If you are in the big data or data science or BI space, you might have heard about Apache Spark. A few of you might have also heard about Apache Drill, and a tiny bit of you might have actually worked with it. I discovered Apache Drill very recently. But since then, I’ve come to like what it has to offer. But the first thing that I wondered when I glanced over the capabilities of Apache Drill was, how is this different from Apache Spark? Can I use the two interchangeably? I did some research and found the answers. Here, I’m going to answer these questions for myself and maybe for you guys too.
It is very important to understand that there is a fundamental difference between the two, how they are implemented, and what they are capable of.
With Apache Drill, we write SQL queries to fetch data from a variety of sources, such as SQL databases, MongoDB, AWS S3, Apache Kafka, JSON files, and many more. But with Apache Spark, we write “SQL-Like” queries to fetch data from various data sources. The difference here is that Drill is an ANSI SQL:2003 query engine, with more powerful features than a traditional SQL query engine. Apache Spark, on the other hand, supports only a subset of SQL queries, and in a limited fashion. Spark is a generic computation engine, which has support for SQL like queries to get the data that it needs to run those computations on. Spark also has drivers for various storage services on which you want to run your queries.
The list of data sources that SparkSQL supports is also quite long, but not as long as that of Drill. People who have been working with BI tools for long enough find themselves at home with SQL queries. Bringing that knowledge with them over to Apache Drill will enable them to query data from data sources which might be new to them, such as NoSQL databases, Parquet files, S3 files, etc. Such people can run complex aggregation queries using Apache Drill; and most of the time, they get the results they need. The same cannot be said about SparkSQL.

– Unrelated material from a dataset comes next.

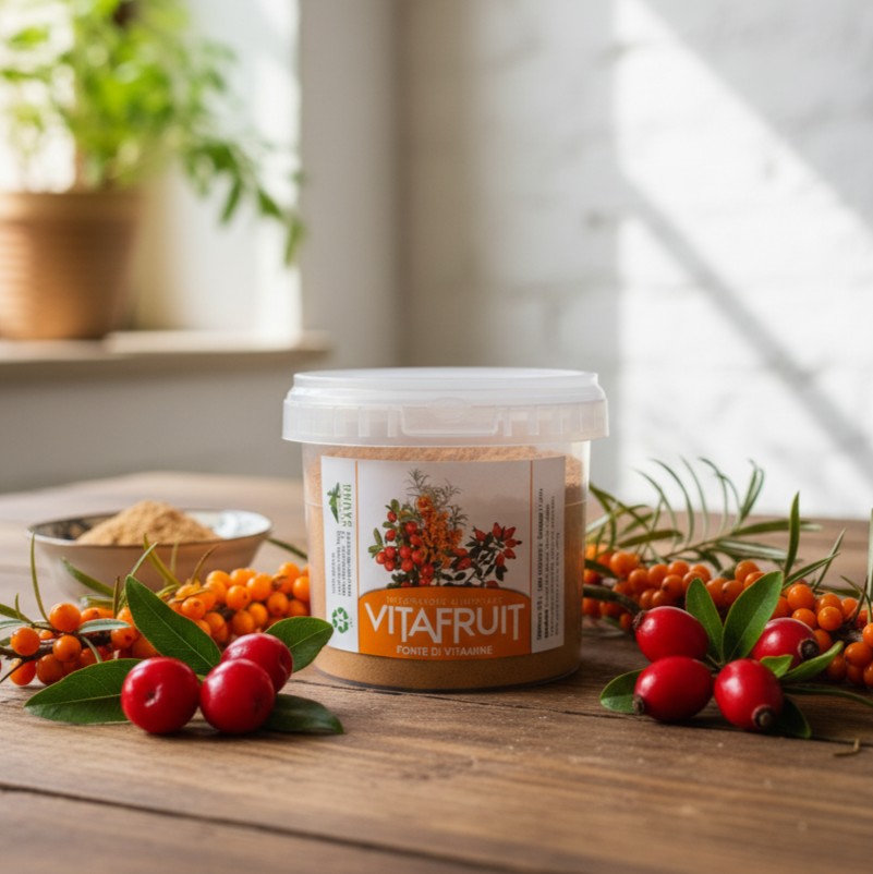 VITAFRUIT è una miscela potente offerta dalla natura per il tuo benessere. Combina i frutti integrali di Acerola, Olivello Spinoso e Rosa Canina, tre delle fonti vegetali più ricche al mondo di Vitamina C naturale, Vitamine del Gruppo B e preziosi antiossidanti. Un vero e proprio scudo per il sistema immunitario e un booster per l’energia quotidiana.

SparkSQL is ideal in cases where you to process data inside Spark, and you want to fetch data from external sources with some simple joins and where conditions. Once you get the data into your Spark Datasets, you can then apply your transformations and perform your actions.
The way these two tools handle the underlying data is quite different. Apache Drill is able to take complex queries which run on multiple data sources, and is able to push down those queries to native drivers of the concerned data sources. It maps the data internally to JSON formats, and it’s ability to work with JSON makes Drill much more flexible in a way compared to Spark.
Drill also extends the ANSI SQL queries with commands such as FLATTEN and KVGEN, which make it easier to handle simple and even complex JSON data. And since Drill works with JSON internally, it enables Drill to discover schema on the fly.
To conclude, if there’s a lot of Math, data transformation, and machine learning you want to do, better stick with Apache Spark. If that’s not the case and you only want to run some aggregation queries to analyse data, you can go with Apache Drill.
What’s interesting is, Drill supports JDBC driver, and Spark can use JDBC driver within SparkSQL to fetch data. So if you want fine control over what data you bring into Spark and want to run complex transformations on that data, you can use Drill within Spark to get the data into Spark. This combination should be enough for most applications.